§ **WORK INSTRUCTIONS**
Only one span is wanted from the lines below: from the one with "The following image" up to and including the one with "The Blooming Symphony™". Copy it exactly, without images.

§ **TASK INPUTS**
+-------+

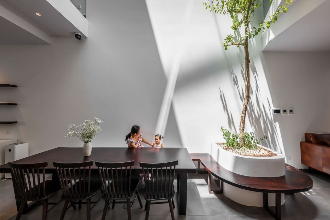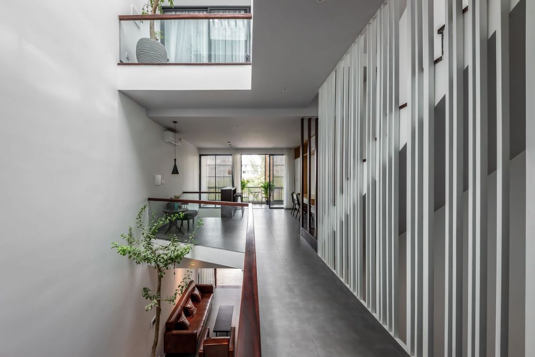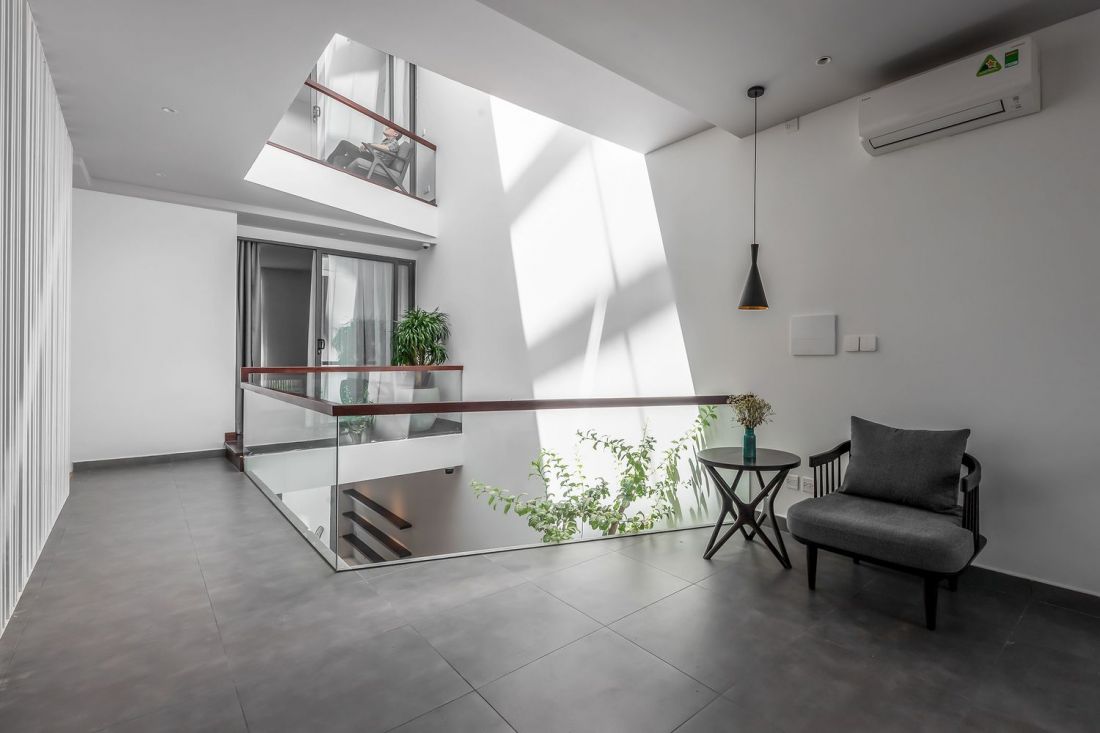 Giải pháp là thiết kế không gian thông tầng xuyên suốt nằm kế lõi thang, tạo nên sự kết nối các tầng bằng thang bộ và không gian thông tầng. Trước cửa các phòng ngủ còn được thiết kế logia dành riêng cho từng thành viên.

+-------+

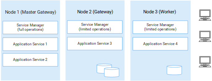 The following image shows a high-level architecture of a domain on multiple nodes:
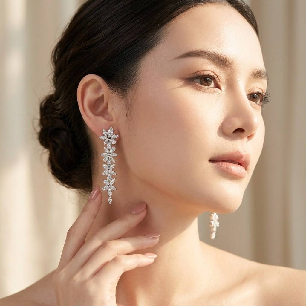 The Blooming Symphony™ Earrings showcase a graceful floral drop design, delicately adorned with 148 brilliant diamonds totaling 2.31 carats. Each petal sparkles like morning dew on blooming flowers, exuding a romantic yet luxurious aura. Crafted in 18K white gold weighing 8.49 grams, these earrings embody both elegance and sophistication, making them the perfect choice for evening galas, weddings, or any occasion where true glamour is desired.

+-------+

§ **EXERCISE SOLUTION**
 The following image shows a high-level architecture of a domain on multiple nodes:
 The Blooming Symphony™ Earrings showcase a graceful floral drop design, delicately adorned with 148 brilliant diamonds totaling 2.31 carats. Each petal sparkles like morning dew on blooming flowers, exuding a romantic yet luxurious aura. Crafted in 18K white gold weighing 8.49 grams, these earrings embody both elegance and sophistication, making them the perfect choice for evening galas, weddings, or any occasion where true glamour is desired.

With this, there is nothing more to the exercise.